_TASK BRIEF:_ Your output should be the lines below from the one holding "漆黑的夜色中,积雪压弯了枝丫" through the one holding "Ravpower magnetic wireless", transcribed exactly, with no pictures.

_RECORDS TO PROCESS:_
________
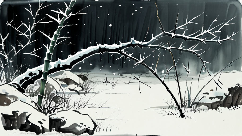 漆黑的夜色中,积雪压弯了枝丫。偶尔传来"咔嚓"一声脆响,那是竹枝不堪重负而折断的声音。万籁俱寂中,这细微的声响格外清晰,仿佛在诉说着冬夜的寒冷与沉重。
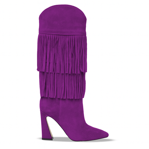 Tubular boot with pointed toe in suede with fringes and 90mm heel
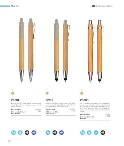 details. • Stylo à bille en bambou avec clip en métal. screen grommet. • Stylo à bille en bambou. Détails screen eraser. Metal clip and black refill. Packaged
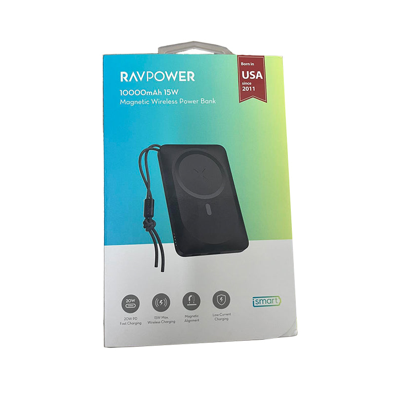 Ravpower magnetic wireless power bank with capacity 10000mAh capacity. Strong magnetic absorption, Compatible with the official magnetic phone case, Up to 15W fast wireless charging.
________
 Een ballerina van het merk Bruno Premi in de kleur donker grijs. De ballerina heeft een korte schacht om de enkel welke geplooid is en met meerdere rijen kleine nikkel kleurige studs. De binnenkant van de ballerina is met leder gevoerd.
________
_EXERCISE OUTPUT:_
 漆黑的夜色中,积雪压弯了枝丫。偶尔传来"咔嚓"一声脆响,那是竹枝不堪重负而折断的声音。万籁俱寂中,这细微的声响格外清晰,仿佛在诉说着冬夜的寒冷与沉重。
 Tubular boot with pointed toe in suede with fringes and 90mm heel
 details. • Stylo à bille en bambou avec clip en métal. screen grommet. • Stylo à bille en bambou. Détails screen eraser. Metal clip and black refill. Packaged
 Ravpower magnetic wireless power bank with capacity 10000mAh capacity. Strong magnetic absorption, Compatible with the official magnetic phone case, Up to 15W fast wireless charging.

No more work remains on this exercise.